Treatment and outcomes for patients with severe aplastic anemia (SAA) have improved markedly over past 40 years due to advances in hematopoietic stem cell transplantation (HSCT) and immunosuppressive therapy (IST). Nonetheless, these treatments have limitations such as failure to engraft or graft versus host disease for HSCT and lack of response or clonal evolution to myelodysplastic syndrome (MDS) with IST. Refinements are needed in our treatment algorithms to determine who is best suited to each treatment to minimize these complications.
We hope to improve on outcomes further in SAA through use of additional information that predicts which patients are more likely to have a normalization of their blood counts versus relapse or progress to MDS. Throughout the medical literature, multiple markers have been studied as potential predictors, including the presence of a paroxysmal nocturnal hemoglobinuria (PNH) clone and reticulocyte count.
Telomere length measurements are another example of a potentially useful clinical marker to predict outcome in patients with SAA. Telomeres are regions of repetitive nucleotides (special molecules for building DNA) at the ends of chromosomes that are there to protect the chromosomes from damage and breakdown. As we age over time, telomeres shorten progressively. Once telomeres are critically short, the result is cell death. Given that telomeres are intended to protect the chromosome, when the telomeres are shorter, the cells’ chromosomes are at greater risk for damage and thus disease. Telomeres have been implicated in many illnesses in this way including cancers, lung diseases and especially cases of bone marrow failure like AA.

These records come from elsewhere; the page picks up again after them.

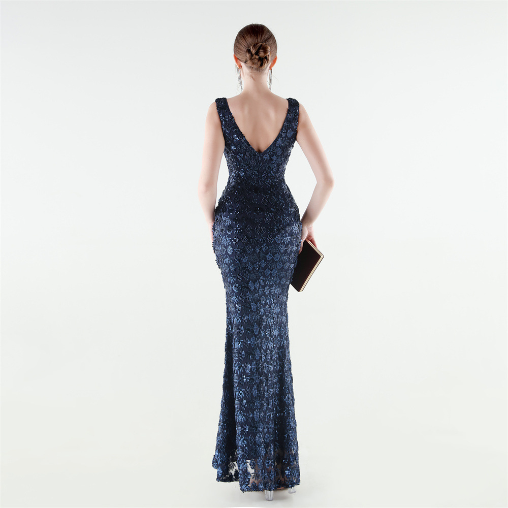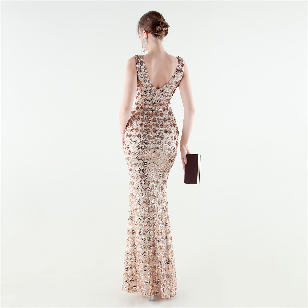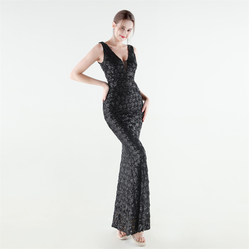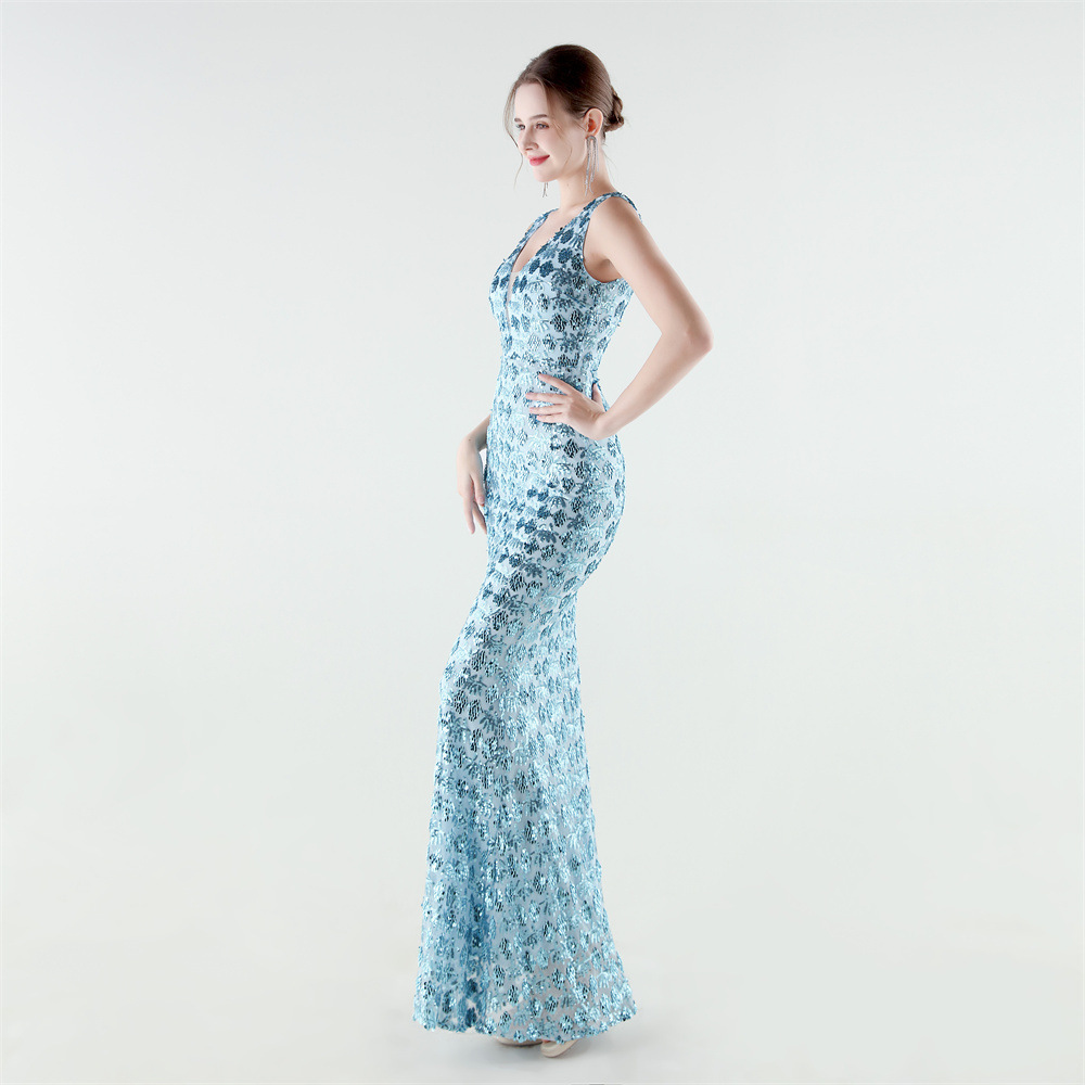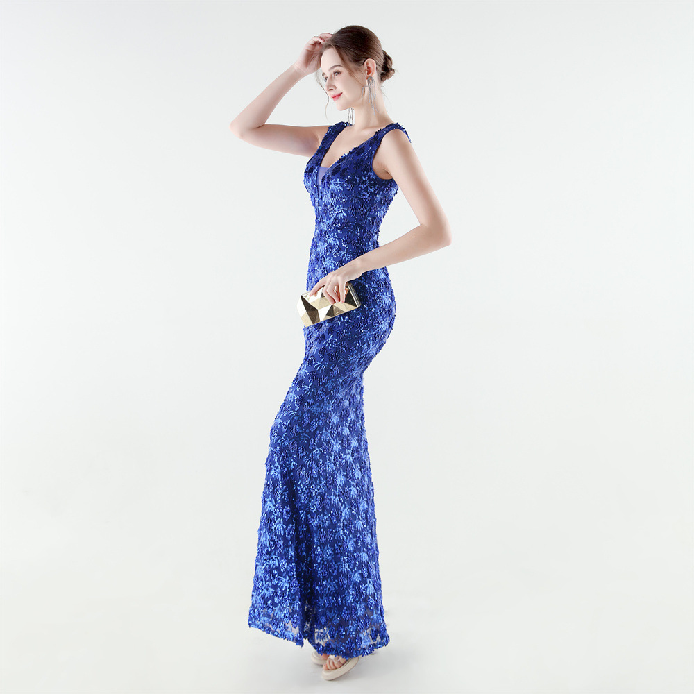 Spandex Mermaid Long Evening Dress & padded Sequin PC
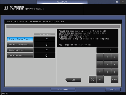 - Para ajustar la posición de inicio de escaneado: ejecute [Aj.ampl.dir.alimentación] en [Ajuste de ADF].
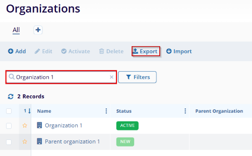 - On the Organizations tab, click on the Export button from the top menu bar.
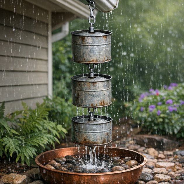 Hang the can from an existing gutter or eave, allowing rainwater to flow through the chain and into a collection basin or garden bed below. This eco-friendly solution not only manages rainwater but also adds a visual element to your home’s exterior.
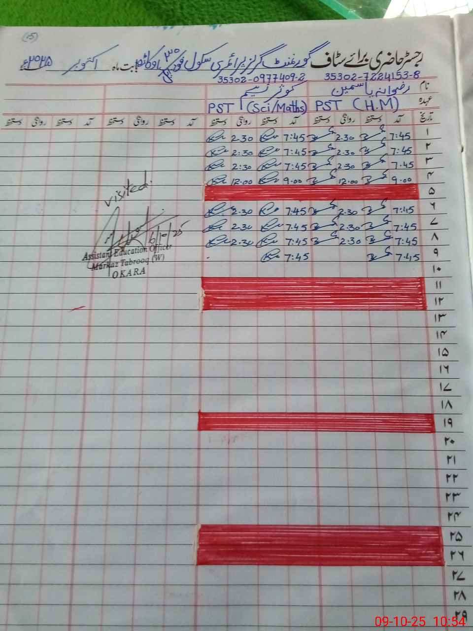| Name: RI**** YA**** Designation: (School Headmaster's/Headmistress's) PST Phone/Cell Number: 03**** |
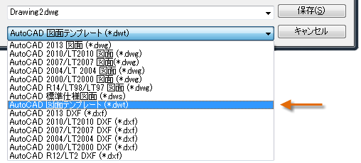 どの図面(.dwg)ファイルも、図面テンプレート(.dwt)ファイルとして保存することができます。既存の図面テンプレート ファイルを開き、修正し、再度保存(必要に応じて別のファイル名で)することもできます。
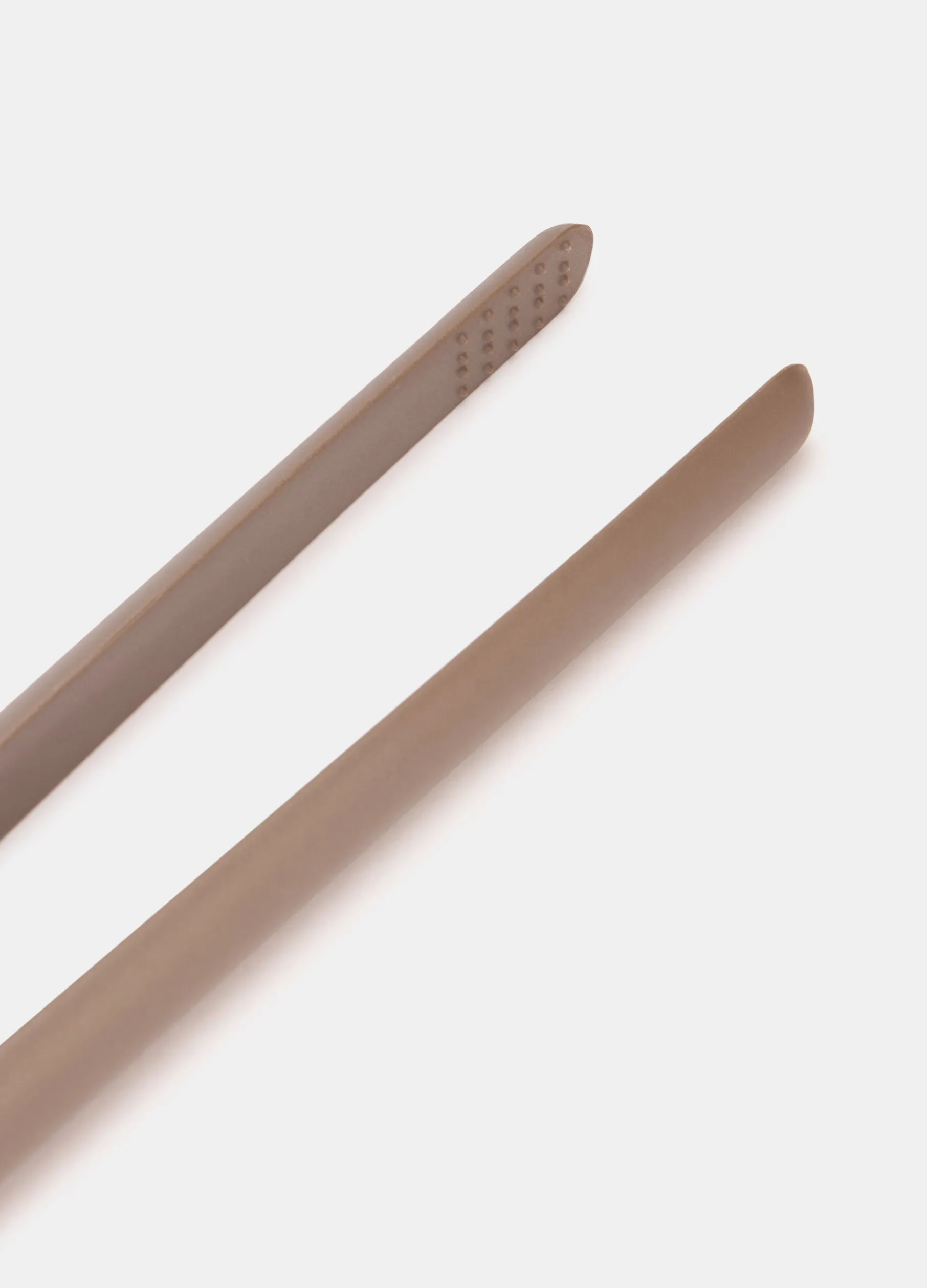 Pinze da cucina realizzate in plastica dura grigio tortora, complete di inserto ruvido all’interno e foro per appenderle.
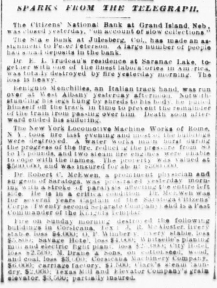 SPARKS FROM THE TELEGRAPH. The Citizens' National Bank at Grand Island. Neb. was closed yesterday. Non account of slow collections." The Sta - Bank at Julesberg, Col., has made an assigniment to Peter Peterson. A large number of people has small deposits in the bank. Dr. E. 1. Trudeau's residence at Saranae Lake, together with one of the linest laboratories in America, was totally destroyed by fire yesterday morning. The loss is heavy. Renignio Menchilles, an Italian track hand, was run over at West Albany yesterday afternoon. Notwithstanding his legs Lung by shreds to his body, be puried himself on the track ID time to prevent the remainder of the train 1rom passing over 111111 Death soon afterward ended his sulfering. The New York Locomotive Machine Works of Rome, N X., took are last evening and mostol the buildings were destroyed. A water works man burst during the progress of the Dre. reduct - the pressure from to 15 pounds. and two steam life engines were shable to cope with the names. The property was valued at $500,000, and was insured for ab n: $300.000, Dr Robert e. McEwen. a prominent physician and su geon of Saratoga. was prositated yesterday morn10g WITH . stroke of paralysis attecting the entire left side He 18 in a critical condition Dr. Memwen was for several years Captain of the Saratega & itizens Corps Twenty second Separate Company and 15 it Past Commander of the Knights Templar Fire on runday morning destroyed the following buildings in Corsicana, Tex J. R. Me Alester. livery stable loss $4,000; 0. P. Wimber every stable. loss $5,800 Savage Hotel. Loss $4,000; initselle's planing mm and electric light plant. 10-8 $25,000; City Hotel loss $2,500; M. Drane & Sons, on cottonseed. wood, and coal. loss $3,000; Corsicana Machinery Company, $6,000; carriaze factory. $1,500; Clark's seam laundry. $2,000; lexas Mill and Elevator Company's grain elevator. $3,500; partially insured.

Reports suggest that telomeres are short in up to one-third of patients with acquired SAA. To study the relationship of telomeres to outcome in SAA, telomere length (TL) was measured in the white blood cells of 183 patients treated at the NIH with IST (antithymocyte globulin and cyclosporine) for their SAA. The TL was not found to predict who would have improved blood counts at 6 months after IST. What TL was found to be associated with were the longer term outcomes of relapse and MDS. Patients with shorter TL compared to those with longer TL were found to be more likely to relapse as well as more likely to have clonal evolution with higher risk karyotypes in their MDS. Other studies also from the NIH population showed similar findings in patients with shorter TL having higher risk MDS. It is unlikely the TL alone is a simple marker for these late events after treatment in SAA. The telomere’s role may be more associated with instability in the genes and causal for the MDS. There are observations from multiple lab studies showing that short and dysfunctional telomeres limit the normal blood-making cells and lead to the selection of these bad clones. Additional studies are ongoing to be show how to measure TL and use this information for patients. It also stands to reason that it would be helpful to patients to attempt to lessen telomere shortening in order to prevent these unfavorable outcomes. Androgens may be one possible way to do this based on some preliminary laboratory results. A clinical study is ongoing.
In summary, it is an active area of research to utilize TL measurements in the decision making for patients with SAA. There is continued interested in improving the outcomes in this disease through markers that predict response and we are hopeful that telomeres will play an active role in these ways.